When it comes to quarterbacks in this year’s draft, there’s a little something for everyone. When it comes to finding the right fit, that’s where the hard part begins. Take it from Chad Pennington.
“I think this group is really interesting and intriguing because they bring something different to the table,” Pennington said from his home in Lexington, Kentucky. “When you look at the top prospects, they’re all a little different, and each one has different strengths than the other.”
The former Jets and Dolphins quarterback has a unique perspective on the quarterbacks, two of whom could very well wind up with the Giants and Jets in the first round. As part of the NFL’s recently established mentoring program that pairs former players with incoming rookies in the weeks leading up to the draft, Pennington has met with all the top prospects.
While he’s not privy to the plans of either team, Pennington can vouch for this year’s quarterback class as one that offers plenty of talent to fill the needs of several teams looking for help at the position.
But Pennington also warns that how teams deal with their quarterbacks will go a long way toward whether those passers succeed or flop at the next level.
“I truly believe that our league can do a better job of developing quarterbacks as a whole,” said Pennington, a first-round pick of the Jets in 2000.
He was released after the Jets signed Brett Favre in 2008 and went on to lead the Dolphins to the AFC East title that year. “There is too much physical talent to not get more productivity. And that’s from top to bottom — starters, backups, young players, old players. We’re just very quick to throw somebody to the curb.”
The biggest priority?
“Organizations looking at quarterbacks really have to narrow down who they think best fits,” said Pennington, who was recently hired to become head coach at Lexington’s Sayre High School. “It’s not a cookie-cutter approach. It’s a personalized approach to who fits us, so that’s where you have to make the right decision. We think these guys are robots, but they’re not. [Former Dolphins coach] Tony Sparano used to say, ‘We’re not going to find the best 53, we’re going to find the right 53. You have to find the right guy at quarterback.”
That’s especially true in this year’s class, which offers a wide range of talent and skillsets. Pennington runs down the list:
• “Josh Allen [of Wyoming], you’re looking at a big, strong physical talent who has proven he can play in bad weather. Comes from a mid-major [program]. If you’re patient with him, he has a chance to be successful.”
• “Look at Sam Darnold [of USC]. He’s a guy that you love what you see on film, you love what he’s done, and you also know that he’s 20 years old. You’re completely fooling yourself if you think dumping an organization on a 20-year-old kid will work. Look at the career of [former No. 1 overall pick] Alex Smith. They tried to dump the organization on him when he was 20 years old, and that didn’t work. You put talent around him, and he can blossom.”
• “Josh Rosen [of UCLA], from a footwork and fundamentals standpoint, he has the whole package. What everyone’s trying to figure out is who he is off the field. Listening to the rhetoric around him, that’s what evaluators are trying to figure out — who he is other than his physical ability, because at the quarterback position, physical ability is only one aspect.”
• “Then you look at Baker Mayfield [of Oklahoma]. The film tells you, regardless of the physical stature, that he’s just a ballplayer. But if you draft him, you have to be specific from a scheme standpoint, because he’s 6-feet tall. You can’t ask him to do the same things in the pocket at Josh Allen, because there’s five inches difference.”

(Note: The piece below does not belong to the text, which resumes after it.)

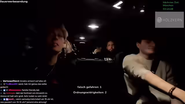 05:18:25Die Diskussion dreht sich um die Reise nach München und die damit verbundenen Erwartungen, insbesondere bezüglich des Hotels und des Fußballspiels, das im Pay-TV läuft. Es wird über frühere Touren und ungewöhnliche Ereignisse gesprochen, wobei ein Vorfall auf der Autobahn, bei dem ein Sportwagen von der Polizei abgedrängt wurde, als besonders denkwürdig hervorgehoben wird. Dieser Vorfall, der auch auf TikTok viral ging, sorgte für Erstaunen und Diskussionen über die Wahrnehmung von Streamern. Die Gruppe befindet sich aktuell in Thüringen und macht sich Gedanken über die verbleibende Fahrzeit und die Route durch Mitteldeutschland und Franken. Es wird auch über persönliche Fahrfehler und unglückliche Begegnungen im Straßenverkehr gesprochen, die zu amüsanten, aber auch nachdenklichen Anekdoten führen, wie das Anfahren eines Hundes oder das Abwürgen des Autos an einer Ampel während der Fahrprüfung.

• “Lamar Jackson [of Louisville], I met him as a 10th grader in south Florida, when he attended the leadership camp that I worked in when he was at Boynton Beach High School. It’s come full circle. Lamar is another guy who you can’t argue with the physical abilities and capability that he has, and now it’s a matter of an organization being able to put those things together. Now, it’s a matter of improving his mental abilities to handle large amounts of information and then apply that and become a better passer.” One word of caution: “This league has shown that if you completely rely on your running ability, you can’t last very long. It’s just very difficult.”
There’s one other issue that comes into play when the Giants and Jets evaluate quarterback prospects: the New York factor.
“It certainly is different, and I know, because I experienced two different markets,” Pennington said of playing in the country’s biggest media market and dealing with all the attention that comes with it. “What’s important is that you have to have the proper infrastructure in the organization to help the players deal with it. You can’t just expect that once they cross the New York state line that they know how to handle those things.”
And one final piece of advice from Pennington to the incoming quarterbacks, something each passer ought to take to heart as they embark on their NFL careers.
“To me, the key to true leadership is being a guy that can bring men together,” he said. “Is he a servant leader? You have to understand how to serve your teammates, because that provides that trust and accountability to each other. As a quarterback, you have to produce and you have to serve. This isn’t all about you. It’s about the 10 other guys in the huddle, the other 52 on your team. That’s where it’s at in the world of individuality and selfishness.”